副审路三个字出现后,右火第五席第一次没有立刻出声。
半闭的门只开着一条指宽缝隙。细铜管从缝里穿出,另一端接着空审印的小孔。方才那口热气,就是从副审路送来。
门缝下方却没有脚印。
只有六道极浅的拖痕,彼此平行,一直延伸到内审秤背后。六个平座随之轻轻震动,像门后有什么东西正在照着他们的位置重新排布。
陆小棠将冷药牌压到第六位背后。
“别应门。”
六人没有出声。第一位守锁链,第二位守通行扣,第三位压余位薄页,第四位托住药牌旧槽,第五位扶黑石责面,第六位扣落门索。每一道回应都留在原位,不往副审路合。
门缝里伸出一条白灰纸带。
纸带先绕首路死责签,再绕压字膜,最后停在六个平座前。带面浮出一行冷字:原审可回,须六证同认。
右火第五席终于开口:“六证同认,便先报六名。”
身份棺封边应声鼓起。
六份旧回执也在更低处轻轻碰撞,像门缝正用“同认”二字逼它们开口。林夜体内吞火虫骤然躁动,只要吞掉纸带上的索名火,门缝便会暂时失去收名之力,可那行原审也可能一并烧毁。
苏青禾按住他的手腕。
她的掌心冷得像一块薄冰,声音却很稳:“不吞字,拆同认。”
宋砚让灰袖账客把公账分成六栏。不是六个姓名栏,而是六件公物栏。磨平锁链证明活位曾被压在第二孔;通行扣证明随位通行;余位薄页证明六格活温;药牌旧槽证明失药与压温分开;黑石责面证明递令孔翻面;落门索证明活人曾被拿去承门。
六件东西各认一项。
没有一件认人。
白灰纸带骤然收紧,想把六栏勒成一束。顾长风将刚从审秤取下的铜扣塞到纸带交叉处。铜扣不够锋利,割不断纸,却把六道受力分开。纸带每收一次,六栏便从不同方向顶回一次。
副审门后传来第三道细响。
不是钟,是有人在拨公证齿。
孟小澄把最后三片哨壳碎屑依次放到门缝下。第一片被吸向细铜管,第二片贴住白灰纸带,第三片却停在门槛外,照出一道从未闭合的旧缝。
旧缝宽不过一线,却贯穿副审门底。
若首路从来是死路,公证缝早该随暗闸一起封死。它一直留着,说明内审当年仍保留了一条让外台回证进入副审的路。
右火空袖火猛地从细铜管内冲出。
这次火不烧证物,直烧门底旧缝。林夜没有沿管追第五席,也没有碰白灰纸带。他让吞火虫贴着门槛游过,只咬封缝火最外侧的一圈。

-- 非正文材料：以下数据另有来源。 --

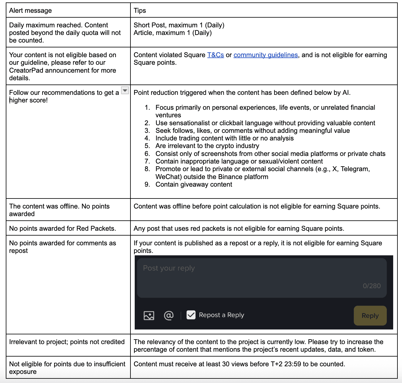 Việc đăng nội dung trùng lặp, sao chép hoặc tương tự đáng kể—dù từ người dùng khác, các bài nộp trước đó, hay nguồn bên ngoài—là hoàn toàn bị cấm. Bất kỳ người dùng nào bị phát hiện đã đăng nội dung trùng lặp sẽ bị coi là không đủ điều kiện để nhận thưởng.

火入体的一瞬,他胸口剧痛骤然炸开,膝下失去力气。苏青禾左肩撑住他,自己右臂也被震得向后甩了一下,肩口冷青当场裂出一道血线。
封缝火熄了。
门底旧缝仍在。
六件公物的回应沿缝分开送入,没有姓名,没有主带者,也没有一只活手落印。副审门后的公证齿一枚接一枚转动,白灰纸带上的“六证同认”随之改成“六证分认”。
身份棺与旧回执重新安静下来。
首路死责签却在右盘上自行翻面。签背原本空白,此刻被副审缝照出一枚很浅的退责记号。
记号下面,没有人名。
只有一行被刮去大半的旧注:首路未死,封于第二回审。